Personally I have been getting very into different perfumes lately, it's a very fun hobby! I love getting the different samples and finding new unique ones I love. My current favorite is Prada Infusion de Rhubarbe, it's clean, tangy and fresh with rhubarb and citrus. My partner got me a perfume sample pack for Christmas and it's been so much fun trying new ones each morning :)

cmrx64•1mo ago
smell isn’t integrated in the thalamus with other sensory streams, it does something else entirely
FloorEgg•1mo ago
I used to get migraines and sometimes they would be triggered by smells.

Thankfully I have thad a migraine in over 10 years.

memoriesofsmell•1mo ago
Two anecdotes to contribute here: First, due to allergic rhinitis, my sense of smell was pretty muted for much of my life, only in the last few years when I developed a taste for wines did I start making a serious effort to manage that better and develop my sens of smell. It's been quite a pleasure to do.
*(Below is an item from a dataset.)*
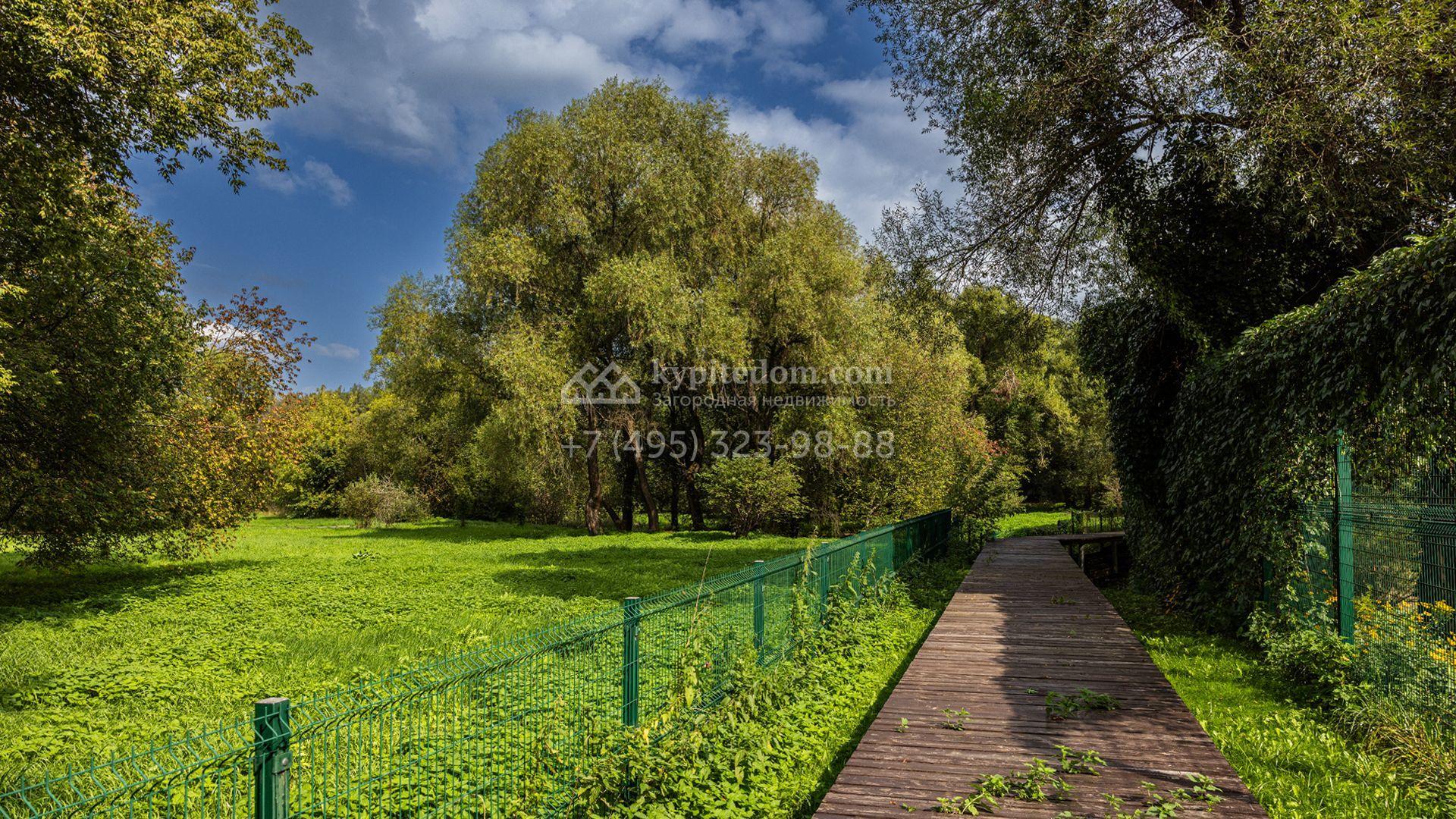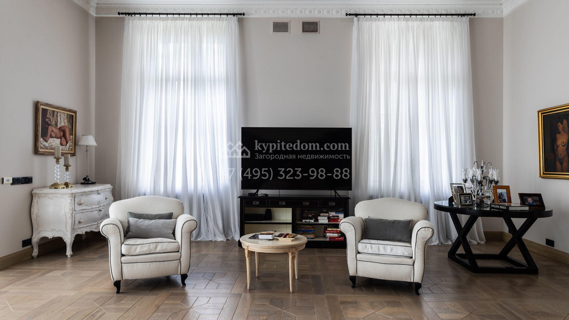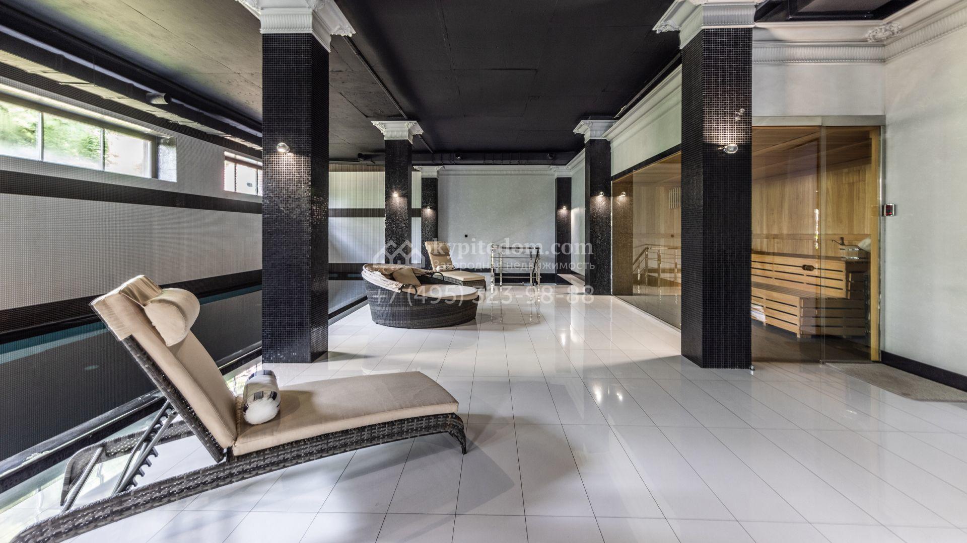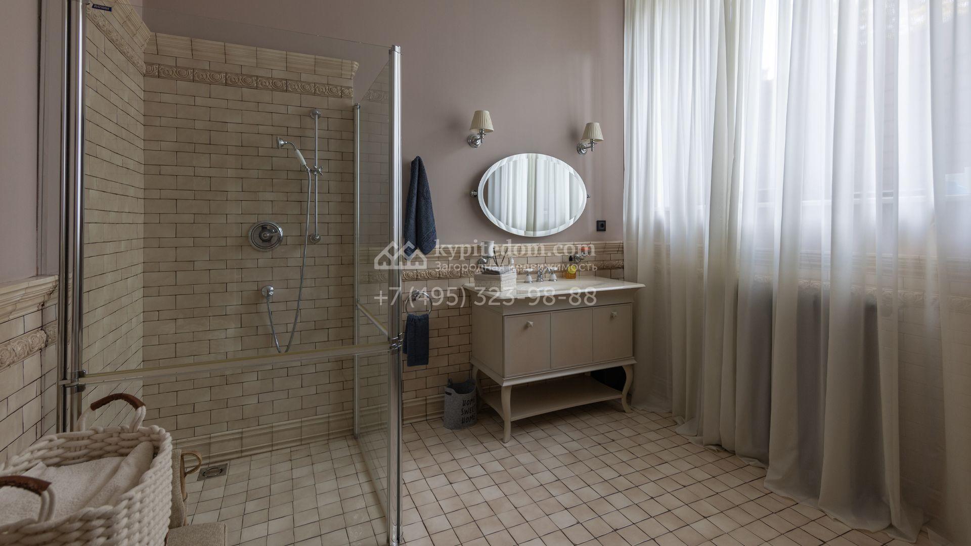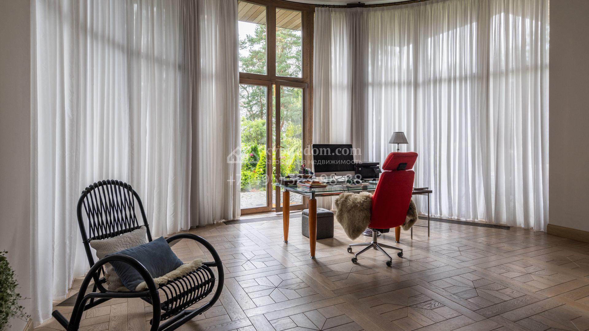 Загородный особняк площадью 2500 м² построен на просторном участке 42,5 сотки на возвышенности в закрытом камерном поселке на 6 домовладений. Фасад здания в стиле «эклектика», спроектированный архитектурным бюро Domoff Group, облицован итальянским мрамором и клинкерной плиткой шоколадного оттенка, а также декорирован колоннами, пилястрами и резными фронтонами над окнами. Ключевая особенность интерьера — сочетание чёрного цвета со светло-бежевым, серым и белым. Во внутренней отделке использованы мрамор, паркет, деревянные буазери, гипсовая лепнина, мозаичное панно, установлены кухонный гарнитур Aster Cucine, бытовая техника Wolf, Sub-Zero и сантехника Devon&Devon. В резиденции разместили 7 спален, гостиную, каминную, столовую со вторым светом, кухню, 2 кабинета и SPA-зону с бассейном и сауной. В контуре дома предусмотрен гараж на 3 машины. На участке с выходом к реке и в окружении вековых сосен выполнен ландшафтный дизайн с учетом перепада высот, вымощены дорожки.

Secondly, a friend of mine keeps (kept?) drawers full of jars with different things in them that had specific smells associated with them. In the same way someone might keep a photo album, she kept a collection of smells which would vividly recall a memory for her. To this day I still find that absolutely fascinating that she was able to do that so reliably.

The contrast of her experiences with smell vs mine was quite astounding to me and something I've thought about a lot since meeting her a few years ago.

popalchemist•1mo ago
The olfactory nerve is direct neighbors to the memory center of the brain. That's why the memory trigger happens when you smell a specific smell.
memoriesofsmell•1mo ago
If someone blindfolds me and puts a smell under my nose, even if it's something I smell regularly, I will struggle to pick it personally. So discovering that other people can recall things so strongly as a result feels like a hidden super power to me!